To iterate over the lines of a file:

while IFS= read -r line; do
  echo "read $line"
done <input-file

To iterate over multiple files, open them on different file descriptors (see When would you use an additional file descriptor?).

while IFS= read -r line1 <&8 || IFS= read -r line2 <&9; do
  echo "read '$line1' from file 1 and '$line2' from file 2"
done 8<input-file1 9<input-file2

Using read <&8 || read <&9 completes the shortest file with empty lines to match the longest file.

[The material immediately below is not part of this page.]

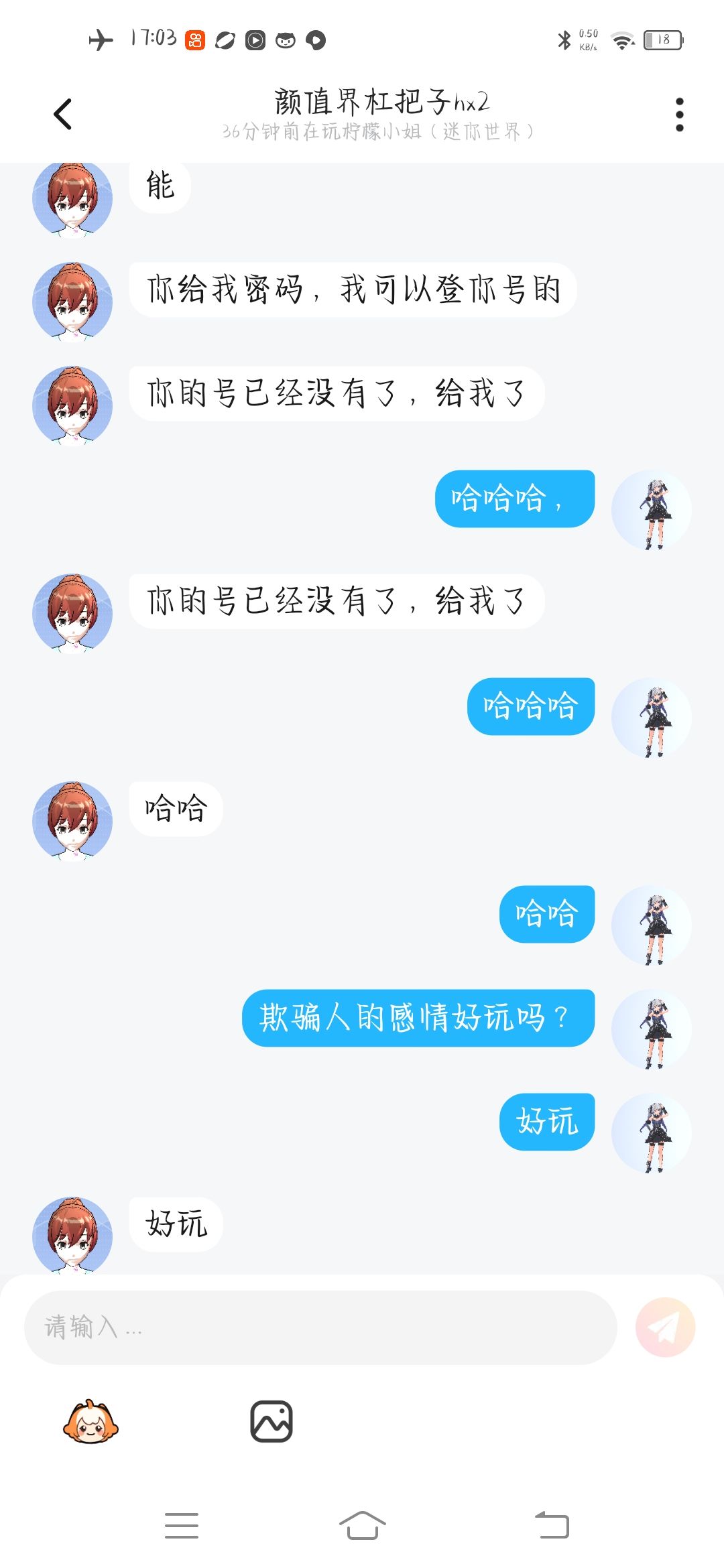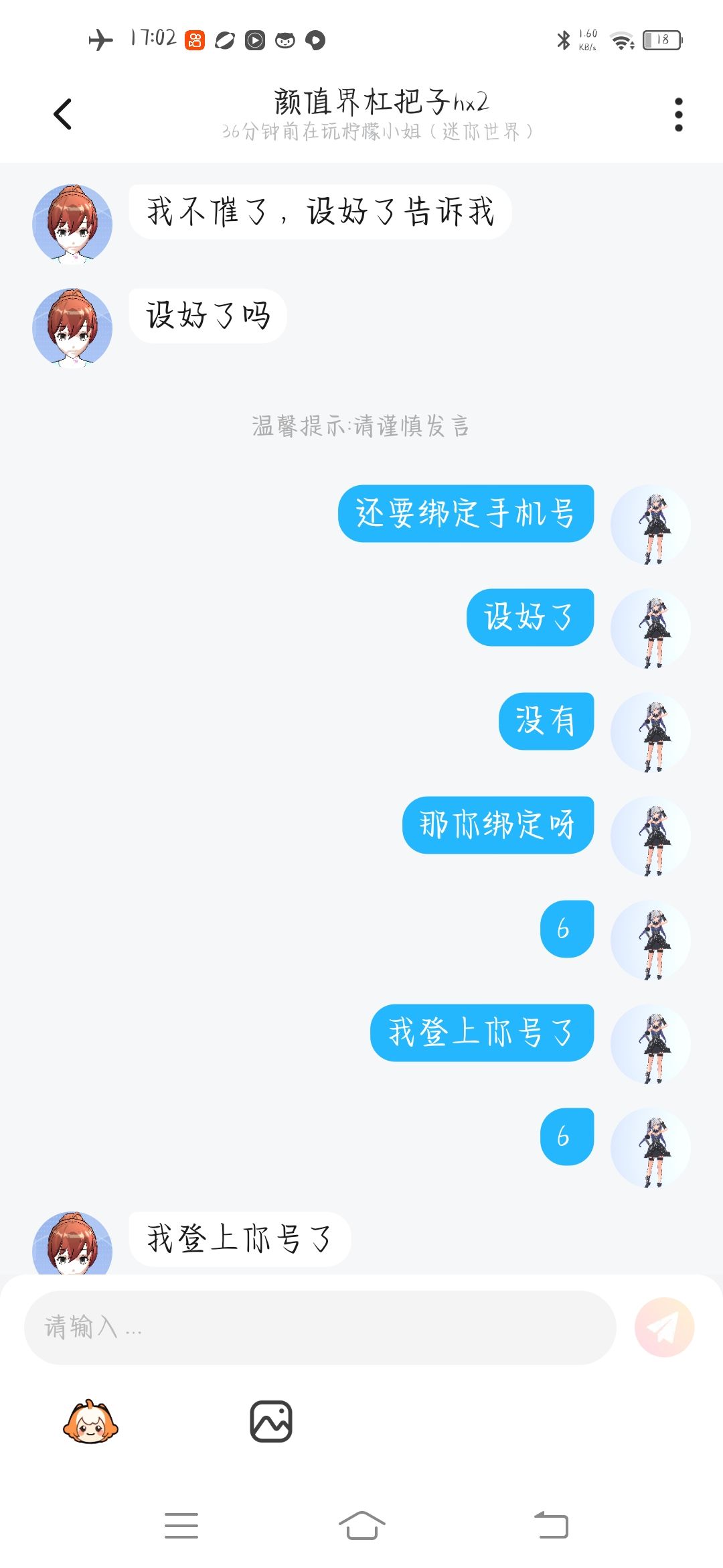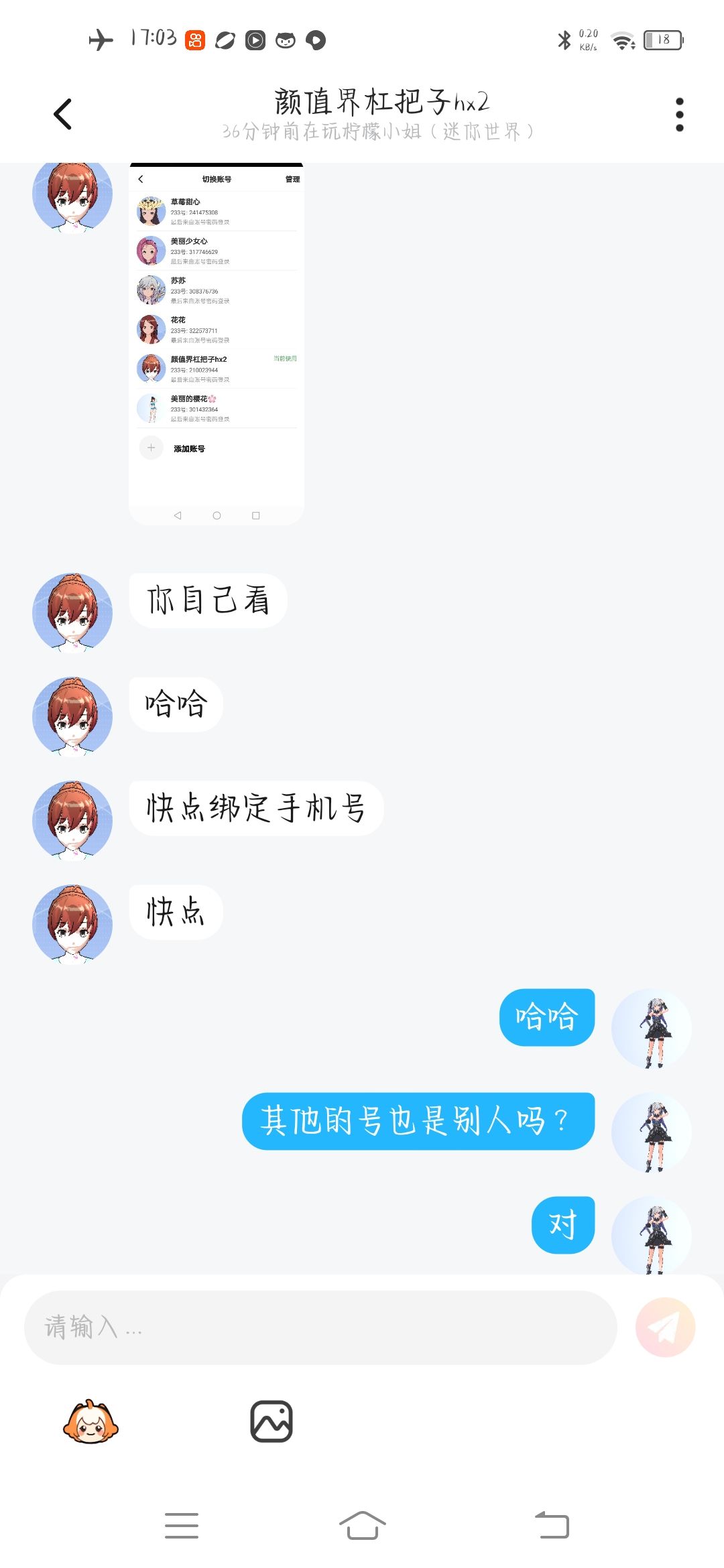 这个人盗我的号,但是我的大号还能说话,我只是绑定密码没绑定手机号,暂时他完全登不了我的号。而且他还登了别人的号。他找我好友聊天的时候我好友问他,你真的会一个星期把他的号还回来,他说永远不会的。这可是好友跟我说的千真万确。

To exit as soon as the end of either file is reached, use && instead of ||. If you want to detect all cases, check the return code separately.

{
  while
    IFS= read -r line1 <&8; empty1=$?
    IFS= read -r line2 <&9; empty2=$?
    [ "$empty1" -ne 0 ] && [ "$empty2" -ne 0 ]
  do
    echo "read '$line1' from file 1 and '$line2' from file 2"
  done
  if [ "$empty1" -ne 0 ]; then
    echo "Finishing processing file 1"
    …
  fi
  if [ "$empty2" -ne 0 ]; then
    echo "Finishing processing file 2"
    …
  fi
} 8<input-file1 9<input-file2

Alternatively, you can join the two files together. The paste command is convenient for that. By default, it separates the lines by tabs (pass -d to select different delimiters) and completes files with empty lines. If the files don't contain tabs, this unambiguously delimits input lines.

tab=$(printf \\t)
paste input-file1 input-file2 |
while IFS=$tab read -r line1 line2; do … done

Note that shells are not very fast at doing text processing. More specialized tools are best for medium to large inputs. Preprocessing with paste is convenient to zip two files together for any post-treatment. If you need more control over when lines are read, awk can do that with its getline command (similar to the shell's read).

  • 1
    Good one! +1 - If you keep giving such comprehensive answers, I'll eventually learn something :) && vs || was most interesting ... btw, a minor point; IFS=$tab read -r line1 line2 – Peter.O Jun 15 '15 at 01:36
  • Algol-style, nice. – Janis Jun 15 '15 at 07:20